The study, published in the current online issue of the American Heart Association journal Circulation: Cardiovascular Quality and Outcomes, found that chest-pain patients who were evaluated with the new protocol, called the HEART Pathway, had 12 percent fewer cardiac tests, 21 percent more early discharges, and shorter hospital stays than those who received standard care. No patient identified for early discharge in either group had a major heart problem within 30 days of their emergency department visit.
Up to 10 million patients complaining of acute chest pain show up at U.S. emergency departments each year, and more than half of them are hospitalized to undergo comprehensive cardiac tests. These evaluations cost between $10 billion and $13 billion annually, yet less than 10 percent of the patients are found to have acute coronary syndrome (ACS), an umbrella term for conditions brought on by sudden, reduced blood flow to the heart.
“The results of this trial demonstrate that, compared to usual care, the HEART Pathway can substantively decrease health care utilization among patients with symptoms related to ACS without compromising patient safety,” said Simon A. Mahler, M.D., associate professor of emergency medicine at Wake Forest Baptist and lead author of the study, the first to test the efficacy of the protocol in real time in a clinical setting.
The HEART Pathway is based on the widely used HEART score system, which weighs five components – the patient’s history, electrocardiogram reading, age, risk factors and levels of troponin, a protein in blood released when the heart muscle is damaged – to determine an individual’s risk of having a serious cardiac problem. But the HEART Pathway includes one more element: a second blood test to measure troponin levels, administered three hours after the first one.

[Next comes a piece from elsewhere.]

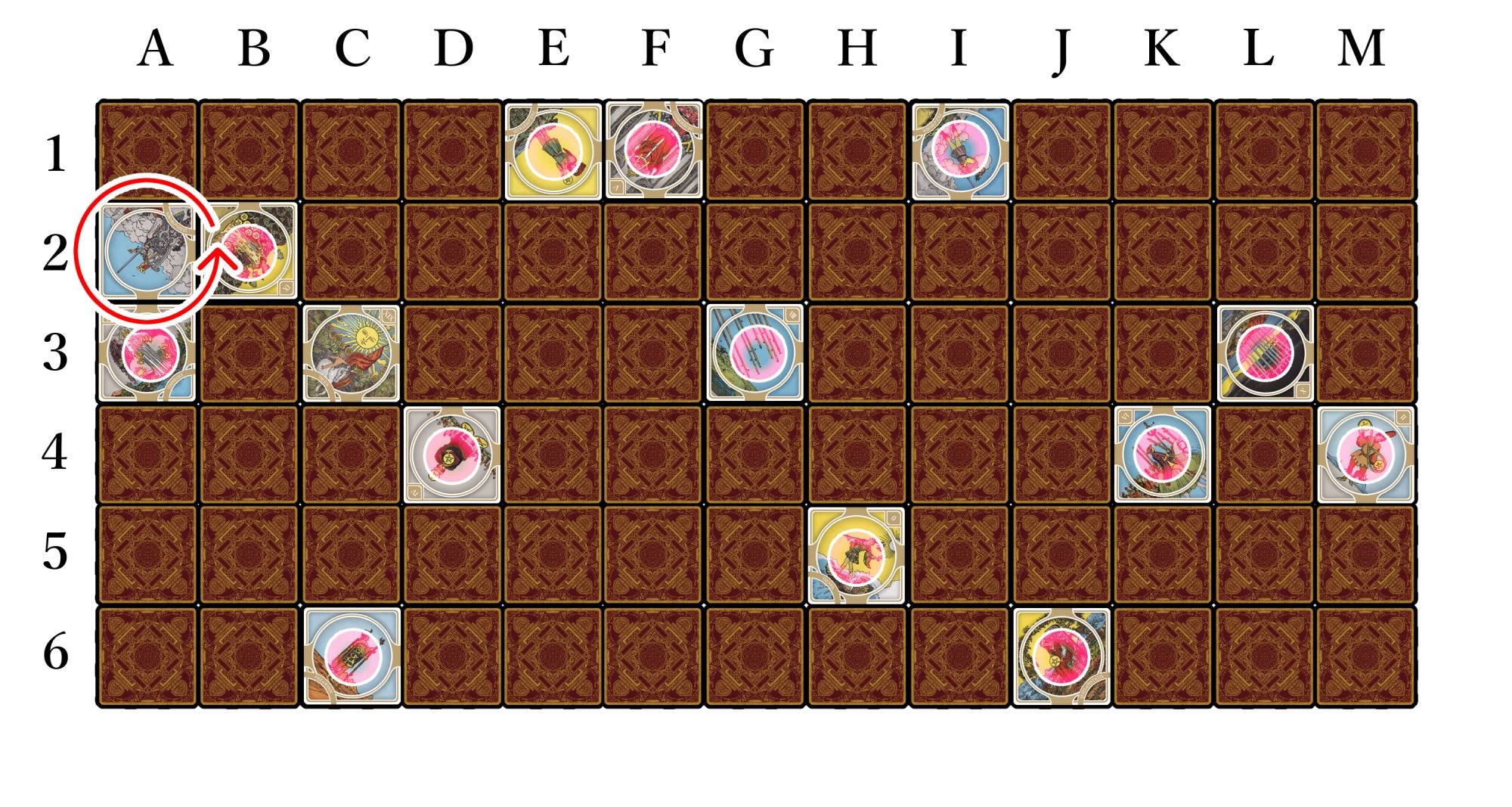 ①伏せられている札2枚を表に返す。内1枚は既に開けられている札に隣接したものでなくてはならない。

“The HEART Pathway is a decision aid, not a substitute for clinical judgment,” Mahler said, “but there is strong evidence to support that its use can both improve evaluation and reduce unnecessary testing, hospitalization and expense.”
Mahler said that to further investigate the HEART Pathway protocol he and his research team are currently conducting an implementation trial at Wake Forest Baptist and planning a larger, multi-center effectiveness trial.
This study was funded by the American Heart Association Clinical Research Program.
The co-authors of the study are Robert F. Riley, M.D., Brian C. Hiestand, M.D., Gregory B. Russell, M.S., James W. Hoekstra, M.D., Cedric W. Lefebvre, M.D., Bret A. Nicks, M.D., David M. Cline, M.D., Kim L. Askew, M.D., Stephanie B. Elliott, B.S., David M. Herrington, M.D., Gregory L. Burke, M.D., and Chadwick D. Miller, M.D., of Wake Forest Baptist.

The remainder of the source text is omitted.